For some archers, when the temperatures drop, so does the amount of time they spend shooting their bow. If winter weather drives you to press pause on practicing, don’t fall into the trap of “set it and forget it.” Be sure to properly store equipment. If your winter plans don’t include archery or you plan to shoot a different bow during the indoor season, follow these steps to properly winterize your equipment.
Even if you primarily shoot inside all year, it’s important to routinely clean your equipment. Ideally, this should happen more than once a year. A great time to give your bow a thorough cleaning is before putting it away in storage. Shooting outside exposes your gear to Mother Nature’s elements like wind, rain, dirt and grass. Use a damp cloth to wipe off any grime that’s accumulated. For hard-to-reach areas, use a damp Q-tip. Wipe down every inch of the bow including any accessories. Allow the bow to air-dry or use a dry cleaning cloth to remove moisture. Don’t put the bow in a case until you’re certain it’s free of moisture.
Check for rust, and use steel wool or a Q-tip to remove it. If it doesn’t come off, archery shops carry rust removal products. Just be sure to check with a bow technician to make sure it’s safe to use on archery equipment.
Compound bows have a lot of moving parts. Something as small as a loose screw can cause poor shooting or damage to equipment. Check to make sure all the screws and bolts are tight on your rest, sight and more. Check the bowstrings for damage. Look over the cams for dings. Examine the limbs and risers to make sure there’s no bending or cracking. If you find something that doesn’t look quite right, take it into a shop and have a bow technician look it over.
Wax keeps your bowstring from fraying and twisting. Before storing your bow for the season, be sure to give it a good waxing. Wax the strings, cables and servings. This is an important step in keeping your bow shooting at its best and the string safe from breaking, which can lead to serious damage and injury.
Compound bows should be stored with the bowstring on. However, if you don’t plan to shoot for several months, experts recommend against storing the bow “maxed out.” A maxed-out bow means the draw weight is at capacity, which means the limbs hold the most tension. Maintenance techs recommend maxing out the bow by screwing the limbs all the way down, and then backing it off by two or more turns.

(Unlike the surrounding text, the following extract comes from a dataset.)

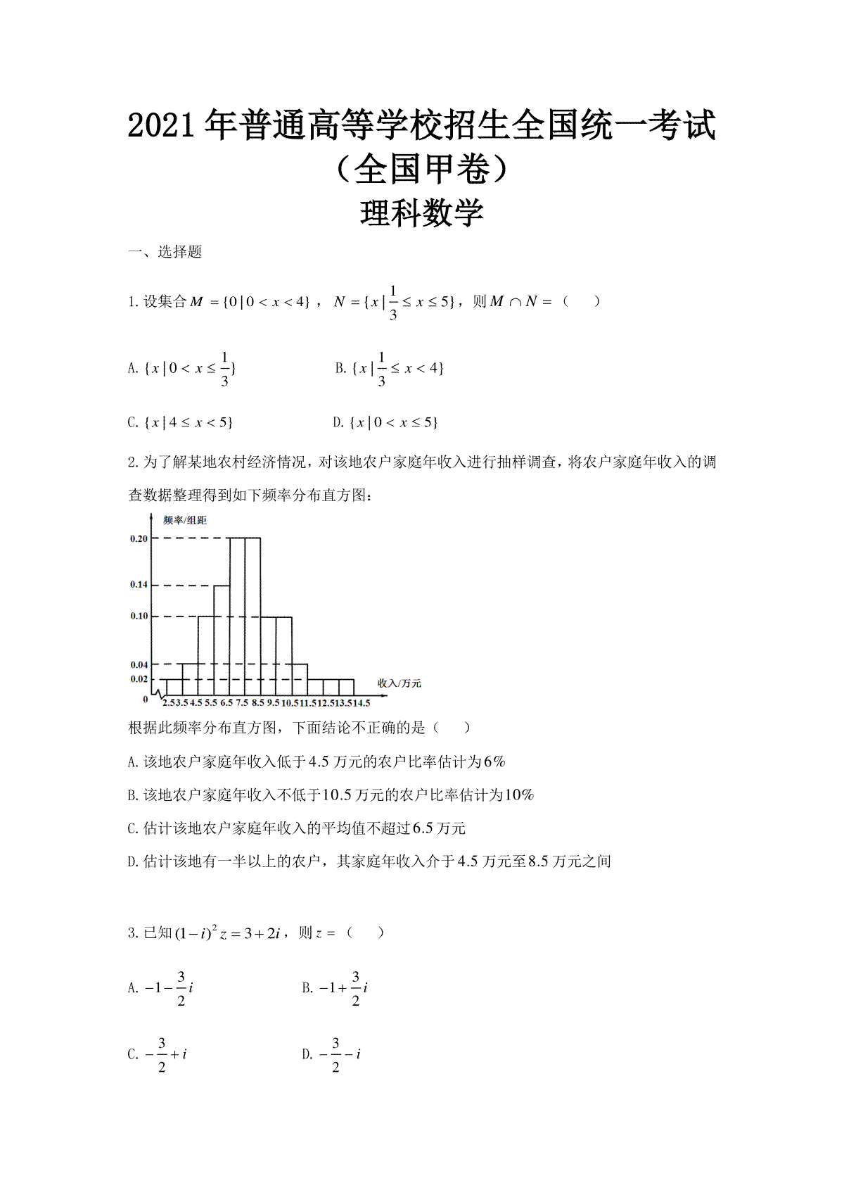一、2021年全国统一高考数学试卷(理科)(新课标ⅲ)(原卷版)

Recurve bows should be stored with the strings removed. Unstring the bow when it’s not in use. With the string on for a prolonged period, the bow can fatigue or crack.
Arrow storage is frequently overlooked, but improper storage can lead to cracks or bends in your arrows. While carbon and aluminum arrows are easy to maintain, it’s never a bad idea to give them a checkup. Use a damp cloth to clean dirt and grime. Check for loose fletchings. Store arrows in a quiver, case or arrow divider. Be sure to keep them in a dry place, free of extreme temperatures. Extreme cold or sun can make the glue brittle.
Wooden arrows require a bit more maintenance. They need to be coated with a varnish or oil. Feathers should be kept dry and waterproofed.
Too many archers wait until the season starts to get a bow tuneup. Why not take it in at the end of the season? Winter is typically a slower season for many archery shops. Having a technician look over the bow ensures everything will be in working order. You can put it away knowing that when you’re ready to shoot, it will be too.
Many archers choose to keep their bow in a soft or hard case. This makes the equipment easy to transport and keeps it dust-free. Find a safe space in the house, garage or shed. Don’t store anything on top of the case. Be sure to keep it in a climate-controlled area, free of giant temperature swings. Make sure the area is dry. A damp environment can cause equipment to warp or rust.
Some archers choose to display their bow instead of putting it inside a case. Never hang by the string. Be sure to hang by the frame. Keep it out of the direct sun. Use a hook that’s padded.
Winter weather doesn’t mean you need to stop shooting. There are plenty of opportunities to shoot year-round. Many archers move indoors. Archery shops typically offer leagues and tournaments. Some communities have indoor archery ranges. Some archers even choose to set up a target in their homes. Just be sure to follow important safety protocols.
Whether you choose to shoot through the winter or take a break, routine bow maintenance will keep you shooting for years.